Что ты жадно глядишь на дорогу
В стороне от веселых подруг,
Знать, забило сердечко тревогу, —
Все лицо твое вспыхнуло вдруг…
 
   Пела Софья хорошо и знала об этом. Еще в детстве, когда был жив отец и старшая сестра брала уроки фортепьяно и сольфеджио у выписанной из-за границы итальянки, мадам Джеллини, крошечную Соню ничем нельзя было на время этих уроков выманить из комнаты. Она сидела тише мыши в огромном, почти целиком скрывающем ее кресле у окна, слушала переборы фортепьяно, вокализы сестры и мадам Джеллини, а когда урок заканчивался, безошибочно воспроизводила услышанные упражнения. «Брависсимо! – восхищалась мадам Джеллини. – Ваш отец должен будет отправить вас, мадемуазель Софи, в Италию, учиться бельканто!» Сестра Анна восхищенно аплодировала, сама Софья гордо улыбалась и знала, что непременно, непременно поедет в Италию. Ах, детство, золотое, безоблачное, беззаботное… Как все было просто и весело тогда, как не думалось о завтрашнем дне! И даже в страшных снах не могло привидеться то, что случилось с ними. «Мама… – подумалось горестно и не в первый раз. – Зачем же ты так? С отцом, с нами?»

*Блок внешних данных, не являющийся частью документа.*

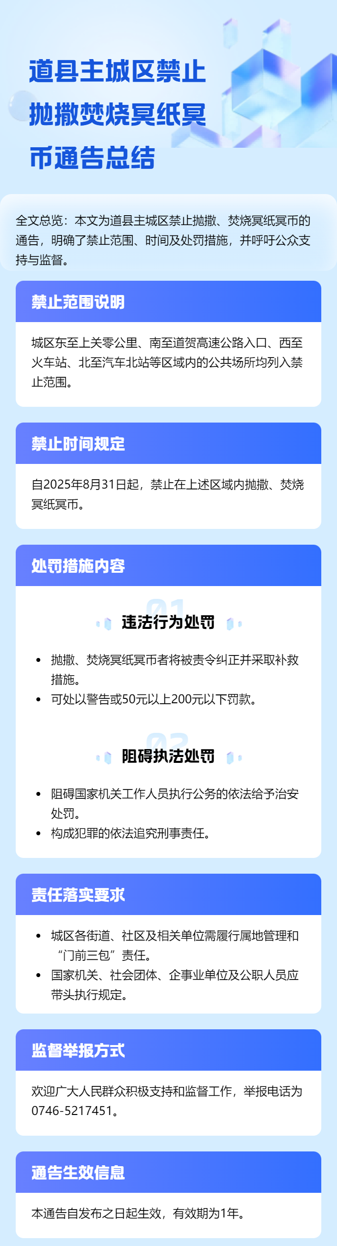 图解 | 道县主城区禁止抛撒 、焚烧冥纸冥币的通告
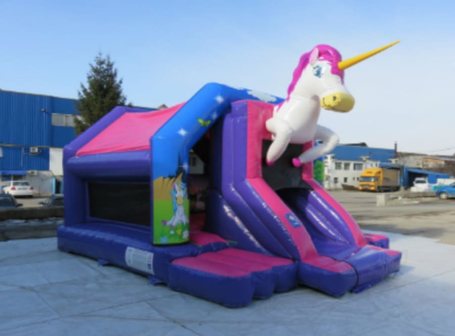 The front slide bouncer products from us cleverly incorporates a good slide and big bouncing area. It can also hold a disco speaker at a additional £10 and lights! For more information about our Unicorn Front Slide Bouncy castle or any of the other front slide bouncer products, please contacts at info@fullofbounce.com
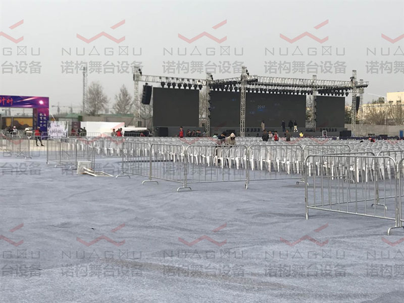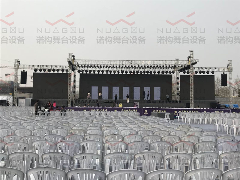 立柱采用400*400加强型铝架,横梁采用520*760加强型桁架,整套搭建尺寸6+20+6*深度12M*高12M,整套载重为4.5吨。
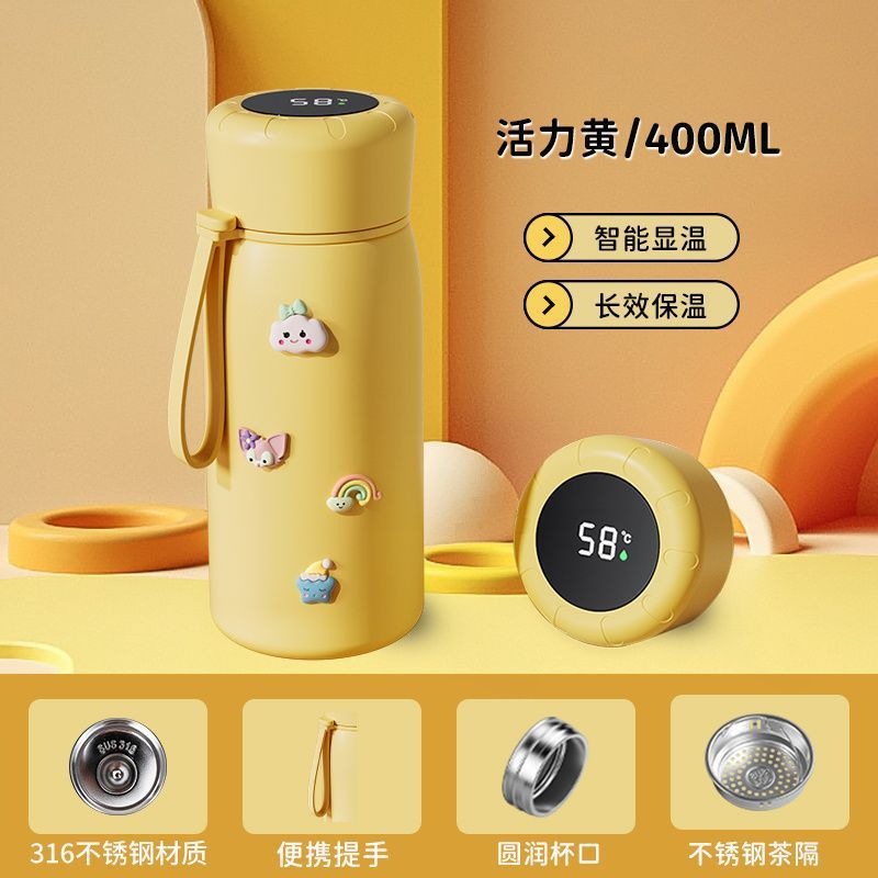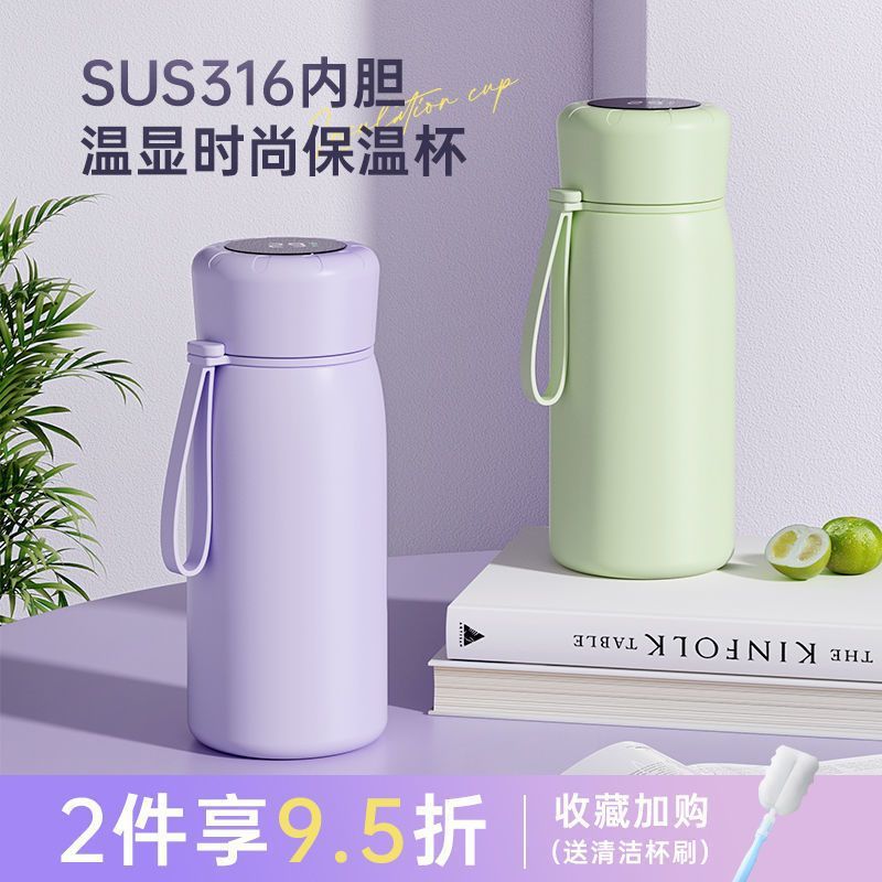 열 절연 물 컵 식품 학년 316 스테인레스 스틸 컵 대용량 휴대용 고등학교 어린이 학교 온도 디스플레이
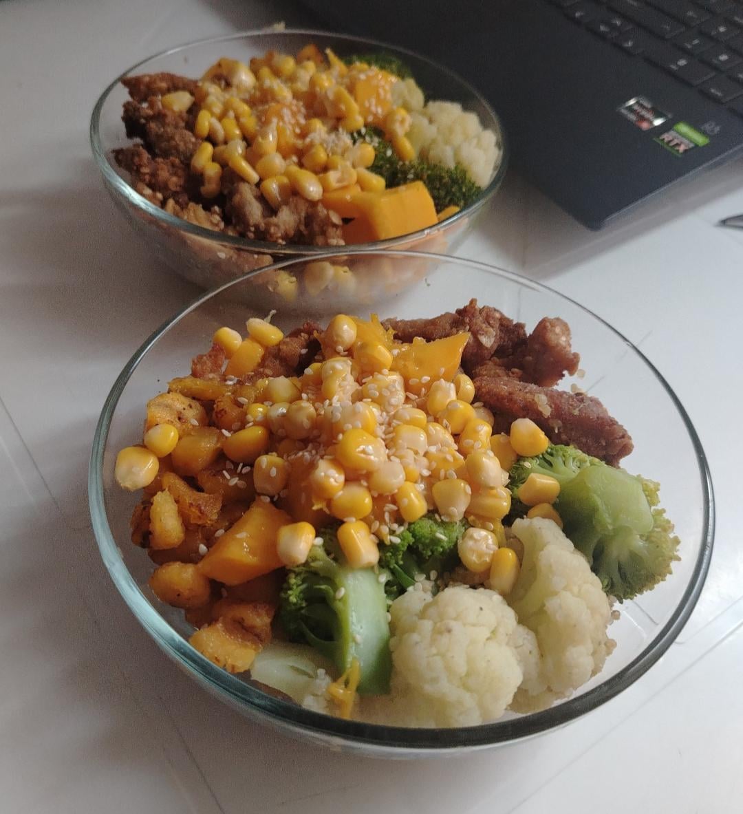 Ok, I don’t care what they say but this is delicious, Quinoa base, crispy pork, veggies, diced ripe plantain and corn by gemmaintheworld Dinner Tonight Tonight's Dinner
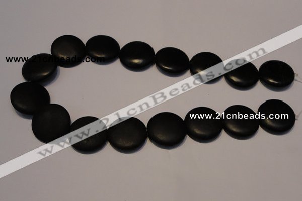 CNE20 15.5 inches 25mm flat round black stone needle beads wholesale

   Гитара смолкла, Софья опустила ее на колени. В кабаке стояла мертвая тишина. Софья удивленно смотрела на неподвижные, заросшие бородами лица мужиков, на зажмуренную физиономию Устиньи с одинокой слезой на пухлой щеке, на ошалелые глаза мартемьяновских молодцов. Тот темноволосый парень, что подал ей гитару, даже встал со своего места и стоял, весь подавшись вперед, в упор глядя светло-серыми глазами. «Глаза у него какие чудные… – почему-то подумала Софья. – Сам темный, а глаза – светлые, странно…» И удивления в этих глазах не было, лишь пристальное внимание и теплота, от которой по спине у Софьи побежали мурашки. Забыв о всяких приличиях и даже о Мартемьянове, она молча, без улыбки смотрела на темноволосого, светлоглазого приказчика. А тот смотрел на нее.
   Из этого оцепенения Софью вывело копошение в углу и прозвучавший голос – знакомый до противности:
   – Сонька, ты, что ли, воешь? Не п-позволю… Для кого стараешься, мерзавка?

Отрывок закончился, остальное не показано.